Мадлен сделала, как он просил. Она прислала неуклюжую телеграмму о больной тетке, которой он необходим, и он очень искусно обратил ее в шутку, прочитав вслух.
– Моя приятельница решила, что мне нужно алиби, – сказал он. – Это потому, что оно нужно ей самой. Вы ведь простите меня, не правда ли, если я сбегу до праздника? Она у меня особенная, и ей было трудно освободиться.
– Конечно, мы не возражаем, – сказала Анжела. – Там, куда вы едете, хорошо?
– Это наш первоначальный план, – ответил он. – Немного лыжного спорта и много aprus![25]– Он засмеялся резким бесцветным смехом.
Сейчас он соберет вещи, попрощается, и между ними проляжет пространство. Если уходишь, то, ради Бога, уходи побыстрее. Это был старый девиз его семьи.
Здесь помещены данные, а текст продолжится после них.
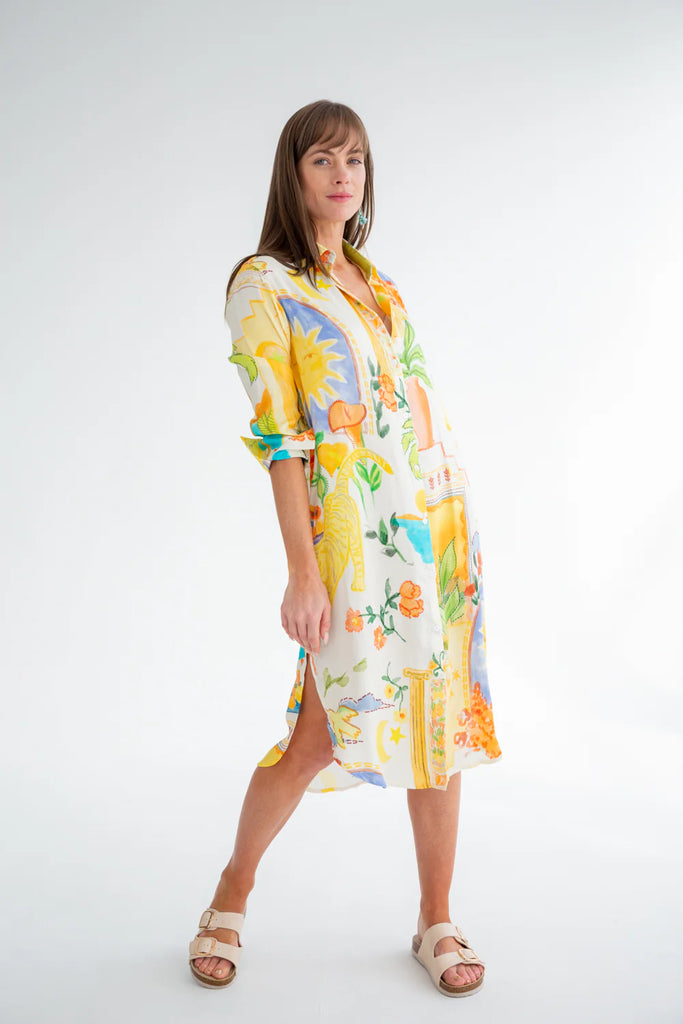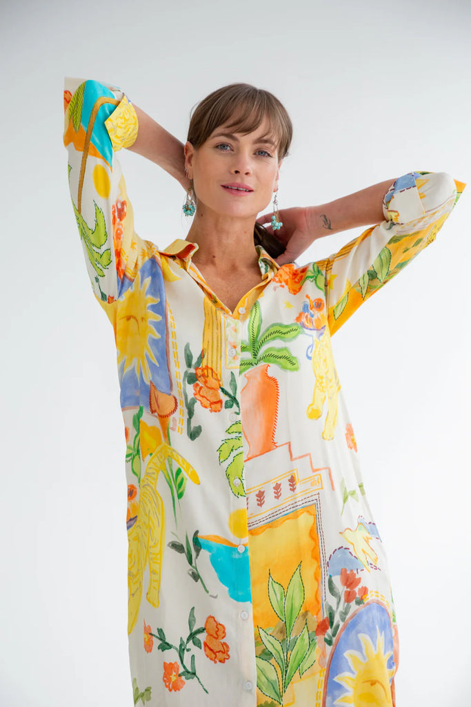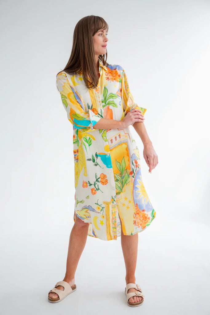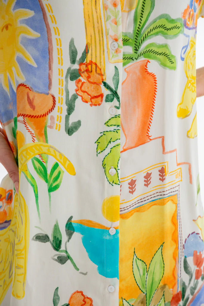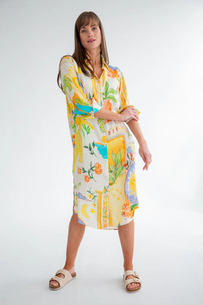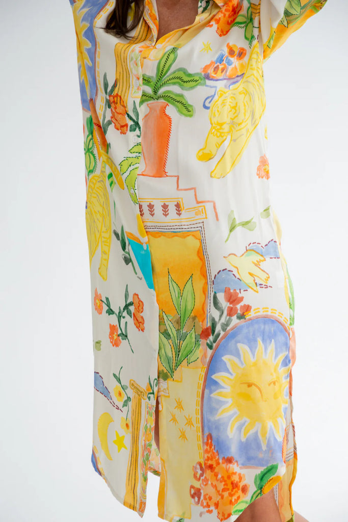 A new and versatile addition to our summer range. It is an easy wearing button up shirt dress with a high low hem with side slits. Our Evie Dress can be worn open over our Mykonos Shorts or Gorge Pants as a set!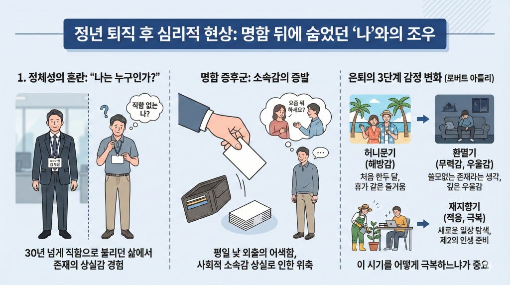 평일 낮 시간에 정장을 입지 않고 길을 나서는 것 자체가 어색해지며, 누군가 “요즘 뭐 하세요?”라고 물을 때 답변할 말이 마땅치 않아 외출을 꺼리게 됩니다. - 은퇴의 3단계 감정 변화: 로버트 아틀리(Robert Atchley)는 은퇴 후 심리를 **허니문기(해방감) → 환멸기(무력감) → 재지향기(적응)**로 구분했습니다.

Уходящего гостя торопили; тех, кто задерживался, недолюбливали. Стивен предложил отвезти его на машине в аэропорт в Гэтвике, но он наотрез отказался.
– Вы очень добры, но спасибо, не надо. Не годится вырывать вас из семейного круга. Через две недели я вернусь в Антиб; пригляжу за виллой и посмотрю, что нужно поменять у «Полякова» – вы говорили что-то о гардеробе. – Снова к делу, снова к безопасным взаимоотношениям.
– Хорошо, сделайте это. Жаль, что вы покидаете нас.
– Как мне с вами связаться, когда я приеду? Вы будете еще здесь?
– Нет, – сказал Стивен. – После Нового года я увезу Анжелу и мальчика куда-нибудь на юг. Я вам сообщу.
Доктору было жаль, что он уезжает; он все кашлял и яростно возился с трубкой, и Мэкстон понял, что старик не может сказать прямо, как он будет скучать без него. Ральф пожал доктору руку и потрепал по плечу. Он никогда не позволял себе такой фамильярности с собственным отцом.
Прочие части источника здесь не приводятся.